• _Aim of the exercise_
Restate word for word the lines in the listing below, starting at the line containing "作者在相关工作中总结8个先前" and ending at the line containing "こちらの生地は、ソフト加工が", both included; leave out the rest.
━━━ Data for the task
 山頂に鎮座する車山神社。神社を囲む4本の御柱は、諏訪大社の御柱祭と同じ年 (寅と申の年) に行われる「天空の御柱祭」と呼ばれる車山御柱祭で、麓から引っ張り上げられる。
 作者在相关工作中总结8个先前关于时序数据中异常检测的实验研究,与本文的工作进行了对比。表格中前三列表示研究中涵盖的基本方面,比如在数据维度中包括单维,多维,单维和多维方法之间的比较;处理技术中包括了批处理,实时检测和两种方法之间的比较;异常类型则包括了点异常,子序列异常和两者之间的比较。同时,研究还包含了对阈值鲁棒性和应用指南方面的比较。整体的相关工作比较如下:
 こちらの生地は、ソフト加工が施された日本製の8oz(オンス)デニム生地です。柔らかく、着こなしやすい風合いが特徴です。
━━━━━━
━━━ Data for the task
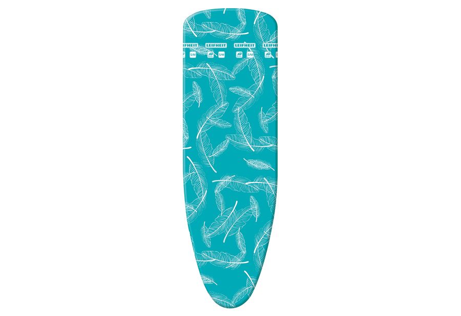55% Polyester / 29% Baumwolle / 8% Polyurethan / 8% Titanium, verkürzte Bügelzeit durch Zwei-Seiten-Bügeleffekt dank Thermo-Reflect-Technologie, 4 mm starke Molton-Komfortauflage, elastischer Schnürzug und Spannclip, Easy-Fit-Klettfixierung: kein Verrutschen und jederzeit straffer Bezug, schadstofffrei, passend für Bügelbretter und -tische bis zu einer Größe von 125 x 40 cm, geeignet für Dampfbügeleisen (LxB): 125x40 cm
━━━━━━
━━━ Data for the task
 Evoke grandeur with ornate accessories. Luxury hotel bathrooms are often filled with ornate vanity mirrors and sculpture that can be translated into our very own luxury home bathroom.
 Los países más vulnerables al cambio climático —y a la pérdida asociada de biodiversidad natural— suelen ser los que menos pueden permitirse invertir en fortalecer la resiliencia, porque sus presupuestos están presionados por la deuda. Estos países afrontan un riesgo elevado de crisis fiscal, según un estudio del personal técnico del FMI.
━━━━━━
• _Answer to the problem_
 作者在相关工作中总结8个先前关于时序数据中异常检测的实验研究,与本文的工作进行了对比。表格中前三列表示研究中涵盖的基本方面,比如在数据维度中包括单维,多维,单维和多维方法之间的比较;处理技术中包括了批处理,实时检测和两种方法之间的比较;异常类型则包括了点异常,子序列异常和两者之间的比较。同时,研究还包含了对阈值鲁棒性和应用指南方面的比较。整体的相关工作比较如下:
 こちらの生地は、ソフト加工が施された日本製の8oz(オンス)デニム生地です。柔らかく、着こなしやすい風合いが特徴です。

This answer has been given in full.